๑۩۞۩๑ İslami İlimler Dunyası ๑۩۞۩๑ => Dini makale ve yazılar => Konuyu başlatan: ღAşkullahღ üzerinde 23 Mayıs 2010, 16:13:45



Konu Başlığı: Terki Terkettiler
Gönderen: ღAşkullahღ üzerinde 23 Mayıs 2010, 16:13:45
Terk’i Terkettiler

Tırnaklarıyla sıvazlayamadıkları gayelerin peşinde koşanlar, nedamet sancısıyla yola döküldüler. Yol bilmeyen bu hissiz güruh arkadaşlığına, çöl sessizliği arkadaştı hayatları boyunca. . Ya diğerleri, ya önderler ve gerçek sahipler?..

İşte bu ziya-yı himmet sahibi insanlar, Mefhar-i Kâinat Efendimiz(s. a. v. )’in yolundan giden bitmez ziyayla lebriz edilmişlerdi. Kimilerinin boş hülya adına tırmaladıkları ve hayatını adadıkları serencameye, onlar vakur libaslı ölçümleriyle yeryüzünü şenlendirmişlerdi. Ama ne şenlik:nefsin istemediği “terk”duygusunu zirve konumda terk ederek.

Terk etmekle kazandılar, terk etmekle huzuru elde ettiler. Terk etmekle hakiki sahiplenmeyi öğrendiler, gerçek mülk saltanatının esamesi-tecellisi bu yolla keşfedildi. Terki terk etmek, ideal nefslerin işiydi, nuraniyet kesbeden kurnalardaki her ışıksal yöneliş, onlara ayrı bir derinlik kazandırmıştı. Kimisi terki terk etmekle Nübüvvet denizinin sermuallimi oldu; kimisi peygamberane bir azimle nezir oldu insanların sinelerine dökülmek için; kimisi zirveleri zorlayan fakat insanlar içinde bir insan olma yollu Gavs oldu; kimileri de hiçbir şeyden haberi olmayan, ALLAH’ın kendisine hissettirmediği bir arif-i billah. .

Bize sunulan bu rehberlerin örneksel hayatlarında, eşsiz kılavuzluk tâcında biz bu tertemiz karineyi kendi ölçümüz içinde anlamaya çalıştık. Anlayanlar yollara takılmadı ve huzura erdi; aks-i sedaya müptela olanlar ise putrak dünyalara yol oldular, dağıldılar.
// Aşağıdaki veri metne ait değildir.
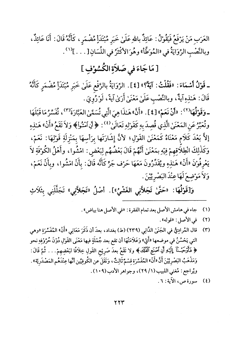 - قَوْلُ أسْمَاء: "فَقُلْتُ: آيةٌ؟ " [4]. الرِّوَايَةُ بالرَّفْعِ عَلَى خَبَرِ مُبْتَدَأٍ مُضْمَرٍ كَأَنَّهُ قَال: هَذِهِ آيةٌ، وبالنَّصْبِ عَلَى مَعْنَى أَرَى آيةً، لَوْ رُويَ.

Terki terk etmek. . kelebeğin ipek hayatına ermesi için koza fedakarlığıyla sonsuza kanat çırpması için yanmaya razı olması; şu buruk dünya koridorunda yananların yanmayacağını bilen hasbi gönüllerin milleti adına sıkıntılara katlanmaları. . ardından gelen bir gözyaşı mevcudiyeti bile bu yola referans teşkil etmektedir aslında.

Var olabileceklerse terk edeceklerdi, Hacı Bayram Veli Hazretleri gibi huzuru bulabilmek için terk edeceklerdi. . bir Nebi ferasetiyle girilen bu yolda hicret çölleri yüzölçüm tanır mı bilinmez ama, makam-menale takılmama ve masiyet çengelini aşma tutkusu vardır bu yiğitlerin yolunda.

Hicret terk edilmezdi; onlar terki terk etmeyerek beyatını yaptılar, geleceğin kahraman sipahilerine bir nur kulesi olmak için. Deniz üzerinde asfalt adımlarını gizlemekti onların hayatları, fakat bu destanı yazanlardan birisi de Malik bin Dinar hazretleriydi. Terkederek girdiği yolda, Rabbimizin terk etmeyeceği bir kul oldu.

Burada terk eden, ebediyet “habl-ül metin”inde terk edilmez. Dünyalık terklerin derki, ideal ruhların derkinde inkişaf etmiştir.